Author's Note: This article originally appeared in PC Support Advisor, some time in 1990. The tests described in it were performed on OS/2 1.21, the first version to support HPFS. However, the basic principles still apply. Some time, I'll find time to repeat the tests on later versions of OS/2 (Warp, Merlin). I've performed minimal editing to add some comments where updates were necessary.
During the development of OS/2 during 1986-87, it became obvious that the project was running late and some components would have to be delayed if the operating system was to meet its release date of late 1987. The major component to be delayed was OS/2's file system; the first two versions of the operating system shipped with a protected-mode version of the DOS file system. Performance was less than spectacular, at the very best; no attempt had been made to optimize the system for multitasking operation, and the best that could be said for it was that it offered 100% compatibility with existing DOS systems.

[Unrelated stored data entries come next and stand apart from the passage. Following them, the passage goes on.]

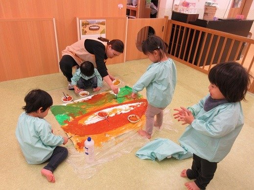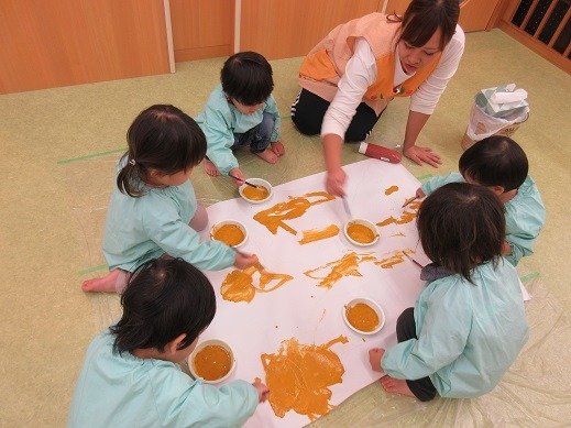 子ども達が、塗たくり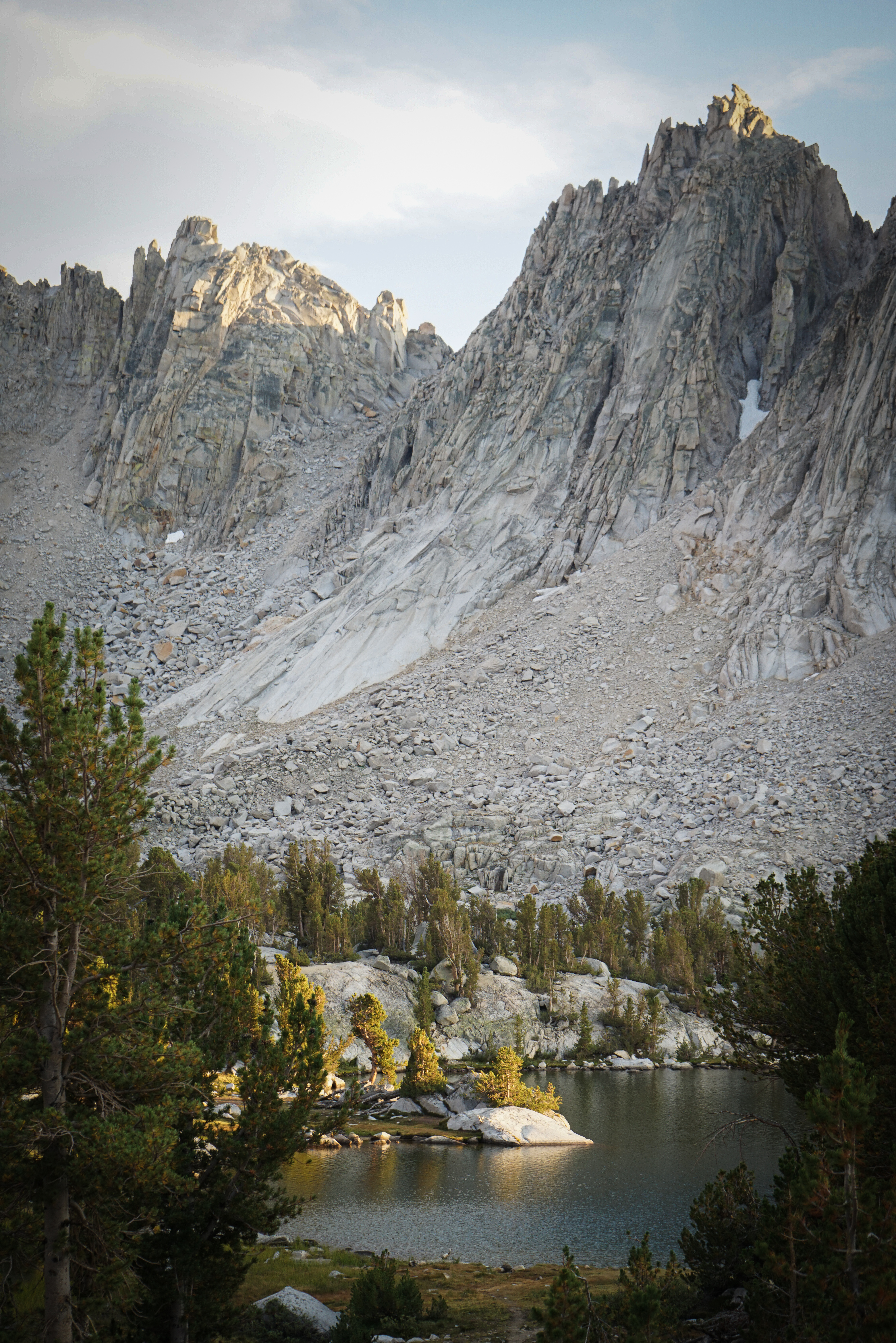 Eventually, we reached Kearsarge Lakes and made camp at one of the obvious campsites near the second highest lake. It was pretty busy. One group in particular was making quite a bit of noise, but they quieted down not long after sunset. The setting sun made for lovely views of the pinnacles.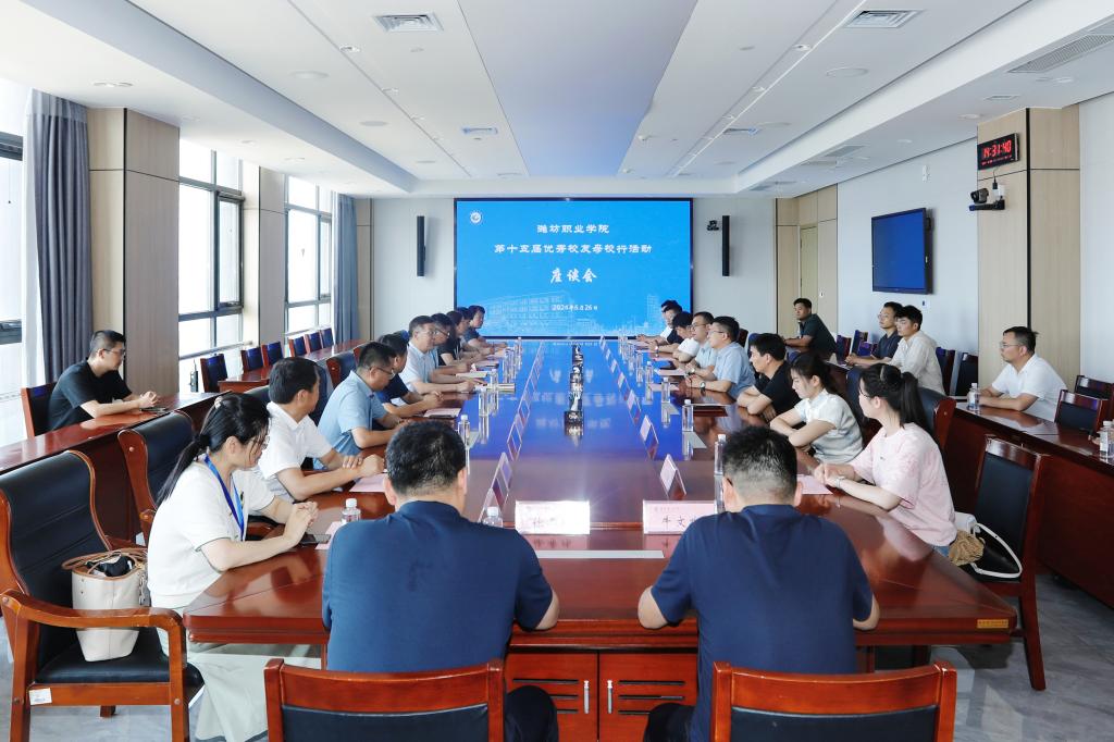 6月27日上午,潍坊食品科技职业学院副校长梁国浚一行5人到我院考察交流。学院党委委员、副院长任培华会见客人,科技处、机电工程学院和信息工程学院负责同志陪同考察。 任培华首先代表学院对梁国浚一行的到来表示诚挚的欢迎,与来访客人共同观看了学院宣传片,并简要介绍了学院办学历史、基本情况、近年来发展建设取得的办学成果。相关部门负责同志分别就科研、校企合作及相关专业学科、实验实训室建设等方面与客人进行了交流。 梁国浚在了解了学院有关情况介绍后,...更多 -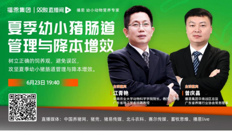 在6月23日晚19:40,40萬(wàn)+養(yǎng)豬網(wǎng)友齊聚播恩雙酸直播間,共同觀看了第三十六期訪談式直播《夏季幼小豬腸道管理與降本增效》,期間中國(guó)養(yǎng)豬網(wǎng)、豬兜、豬易傳媒、北斗農(nóng)科、賽爾傳媒、蓄牧思維、播恩live七大平臺(tái)進(jìn)行同步轉(zhuǎn)播,本期直播邀請(qǐng)了華南農(nóng)業(yè)大學(xué)動(dòng)物科學(xué)學(xué)院院長(zhǎng)/教授/博導(dǎo)/廣東省珠江學(xué)者特聘教授江青艷,播恩集團(tuán)華南戰(zhàn)區(qū)總監(jiān)/廣東省養(yǎng)豬行業(yè)協(xié)會(huì)常務(wù)理事曾慶昌,共同分析探討豬場(chǎng)現(xiàn)象、腸道管理對(duì)幼小豬的影響、幼小豬飼養(yǎng)管理的關(guān)鍵點(diǎn)分析、腸道管理與降本增效四個(gè)方面,在豬價(jià)回暖的當(dāng)下,為豬場(chǎng)做好夏季幼小豬的腸道管理與降本增效提供有利的抓手。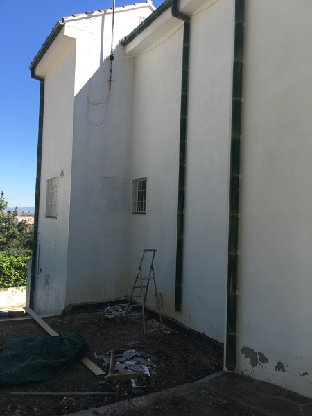 2. tienes bajante ,una ventana y una rejia de ventilacion que parece que viene del sotano o garaje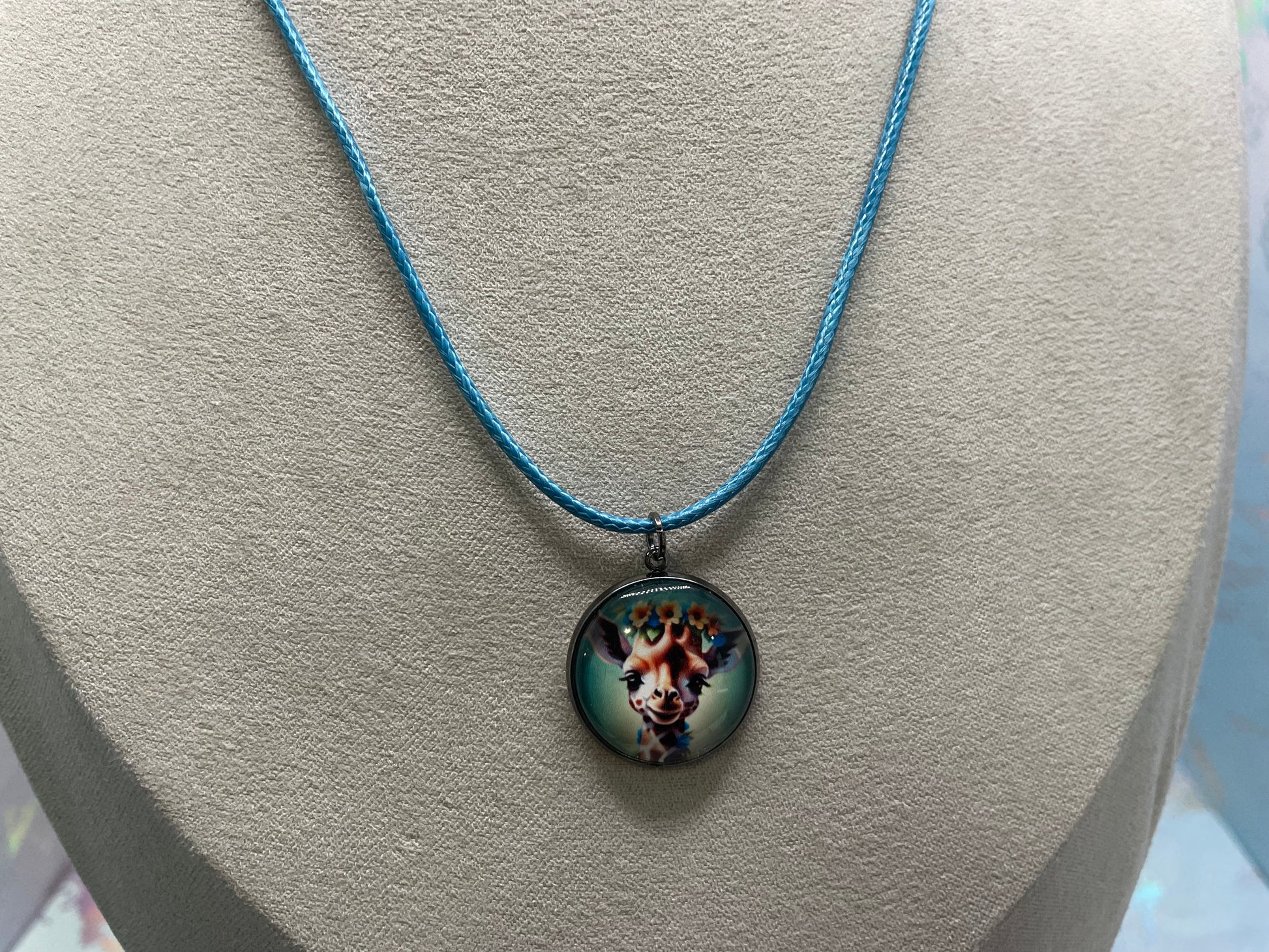 Apportez une touche de douceur et de fantaisie à votre tenue avec ce collier mettant en vedette une adorable girafe illustrée. Le cabochon en verre met en valeur les détails et les couleurs de l’illustration, tandis que le cordon bleu ajoute une note fraîche et légère. Un bijou charmant, facile à porter au quotidien ou à offrir en cadeau.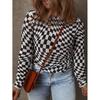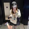 Camiseta de manga larga retro de estilo americano para mujer, camiseta holgada blanca con estampado pintado a mano de otoño de gran tamaño, top de cuello redondo de moda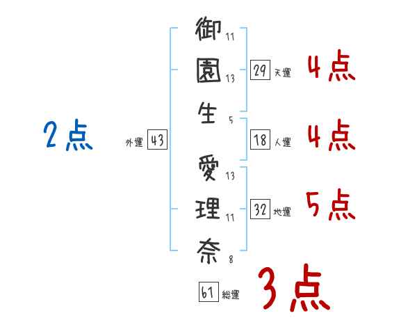 地運![]() | 御園生愛理奈さんの地運は32画の5つ星!柔軟性があり成功する。チャンスが多く金運が良い。 個性を表す基礎的な運勢です。性格形成や対人関係、行動力など家庭環境に影響されます。主に誕生してから20歳くらいまでの若年期の運勢を表します。 |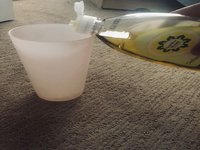 Use a one-to-one (1:1) ratio of dishwashing liquid and water to clean the pee stains on the carpet.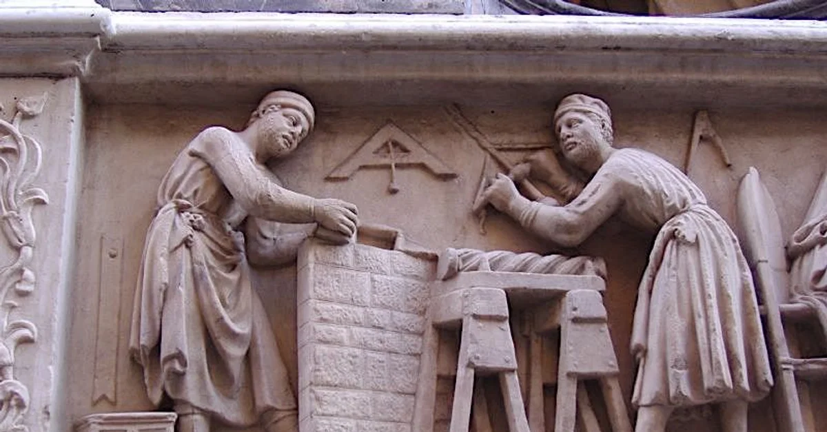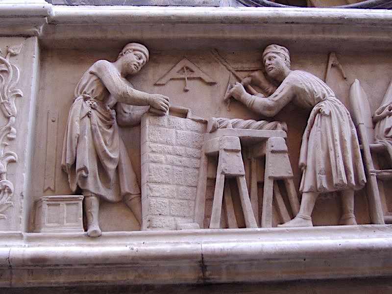 A detail of a relief showing the interior of a Renaissance sculptor's workshop by Nanni di Banco. c. 1416 CE. (Or San Michele, Florence)
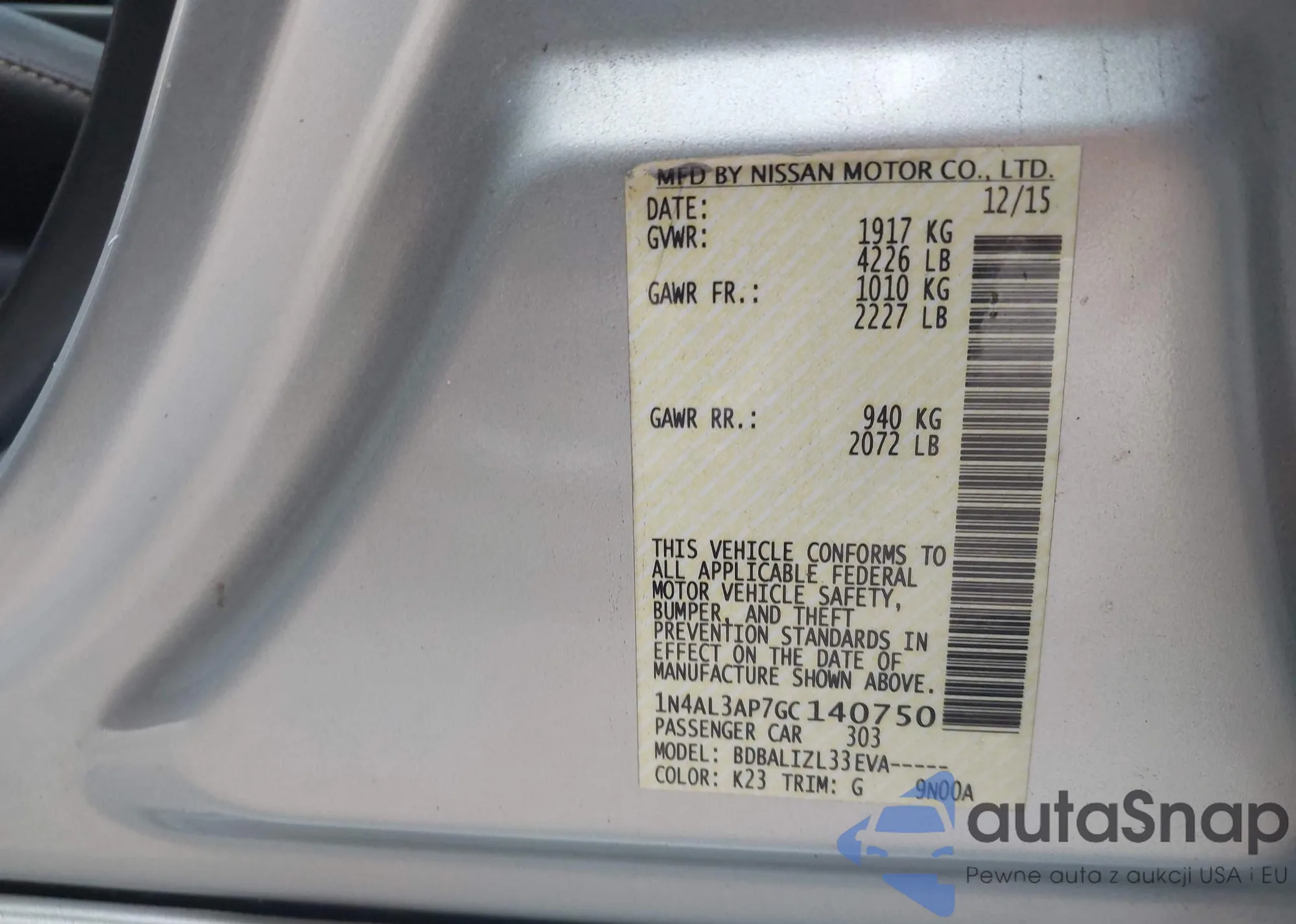 • VIN 1N4AL3AP7GC140750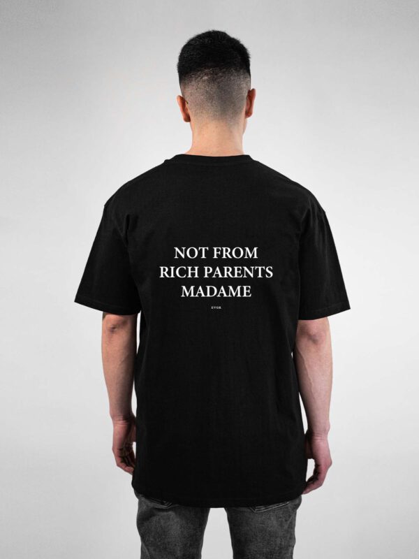 Großer, weißer Print „Not From Rich Parents Madame – E V G R“ auf dem Rücken.

It was always expected that there was little point in tuning the FAT file system, since it would be replaced by OS/2's own system. This finally took place with OS/2 1.2, which introduced the OS/2 High Performance File System. In fact, HPFS is an implementation of the more general OS/2 Installable File Systems.
Contents
File System Principles
Installable File Systems
In developing OS/2's file systems, Microsoft became aware that they were shooting at a moving target. For example, they could build support for CD-ROM drives into the design of the operating system, but then new media such as smart-cards and optical drives would be difficult to support. Accordingly, the OS/2 kernel is designed to make as few assumptions about the format of supported media as possible. All format-specific information and code is encoded in a special form of dynamic-link library called an Installable File System driver, and this is invoked with the statement
IFS = .IFS [options]
in the CONFIG.SYS file.
This will allow the operating system to support media of any format or type, including the native formats of other operating systems such as Mac System 6/7, UNIX or VMS, as well as different media such as very high-density floppy disks, CD-ROM and even tape.
HPFS
The first installable file system to ship for OS/2 is the High Performance File System, which is built into the operating system in OS/2 1.2 and later. If HPFS is selected during the installation process, then the installation program places the lines
IFS=C:\OS2\HPFS.IFS -C:512 /autocheck:e RUN=C:\OS2\CACHE.EXE
or similar into the CONFIG.SYS file.
LAN Manager 2.1 and LAN Server 1.3 or later
The other major IFS currently shipping is LAN Manager 2.1, which installs as a file system. This makes sense, since all network resources appear in the file system namespace using Uniform Naming Convention. A LAN Manager 2.1 workstation effectively 'mounts' remote file systems and devices in a similar fashion to UNIX.
Another benefit is that, since the workstation need to know nothing about the format of the remote file system, it can equally easily mount an OS/2 server's file system or a UNIX or Mac file system.
CD-ROM
OS/2 2.1 ships with CDFS.IFS, an installable file system driver for High Sierra and ISO-9660 format CD-ROMs. With suitable device driver support, such as that provided by the SCSI device drivers, this can be used to attach IBM, Toshiba and other CD-ROM drives to the system. A matching VCDROM.SYS device driver provides access to the CD-ROM drive from DOS sessions.
HPFS Features
Higher Performance
As its name suggests, the High Performance File System does work faster than the old way of doing things, but it does require a little effort to get the best out of it. Simply accepting the OS/2 installation program's defaults gives a less than optimal result.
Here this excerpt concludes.